The random sample shown below was selected from a normal distribution.
\[
3,8,10,4,6,5
\]
Complete parts $a$ and $b$.
a. Construct a $99 \%$ confidence interval for the population mean $\mu$.
(Round to two decimal places as needed.)

Step 1 ：Given a random sample from a normal distribution: 3, 8, 10, 4, 6, 5.

Step 2 ：We are asked to construct a 99% confidence interval for the population mean \(\mu\).

Step 3 ：The formula for the confidence interval is \(\bar{x} \pm Z_{\alpha/2} \cdot \frac{s}{\sqrt{n}}\), where \(\bar{x}\) is the sample mean, \(Z_{\alpha/2}\) is the Z-score corresponding to the desired confidence level, \(s\) is the sample standard deviation, and \(n\) is the sample size.

Step 4 ：First, calculate the sample mean \(\bar{x}\) and the sample standard deviation \(s\). For the given sample, \(\bar{x} = 6.0\) and \(s = 2.61\) (rounded to two decimal places).
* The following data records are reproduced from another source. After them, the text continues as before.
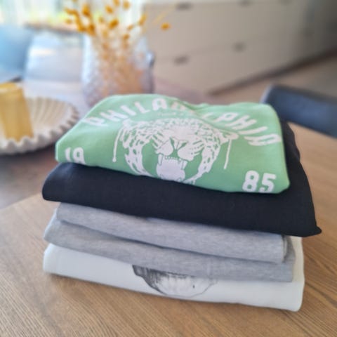 Tre er Størrelse M og en i L(en liten L så går som M)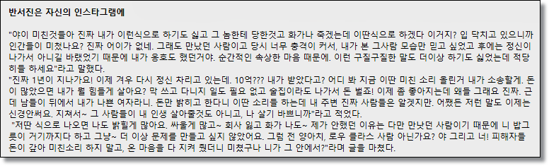 해당 글은 현재 삭제된 상태이며 이 글 이후 "제가 본 그 사람은 바보 같은 사람, 많이 부족해서 지켜주고 싶은 평범한 사람이었다."고 밝히기도 했습니다. 게다가, 자신이 운영하고 있는 쇼핑몰 <반러브> 대표직에서 물러났습니다. 전 남자친구 때문에 많이 힘들었을 것 같습니다.
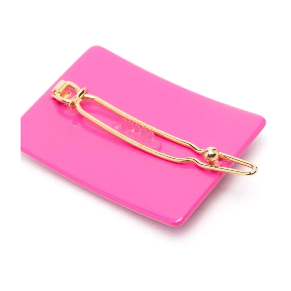 Tilføj et pop af farve til din lille piges outfit med denne Fendi fuchsia pink rektangulære hårspænde. Designet med en bagklips lukning for nem styling.

Step 5 ：The sample size \(n\) is 6, and the Z-score corresponding to the 99% confidence level \(Z_{\alpha/2}\) is approximately 2.576.

Step 6 ：Substitute these values into the formula to get the confidence interval: \((3.26, 8.74)\).

Step 7 ：Final Answer: The 99% confidence interval for the population mean \(\mu\) is approximately \(\boxed{(3.26, 8.74)}\).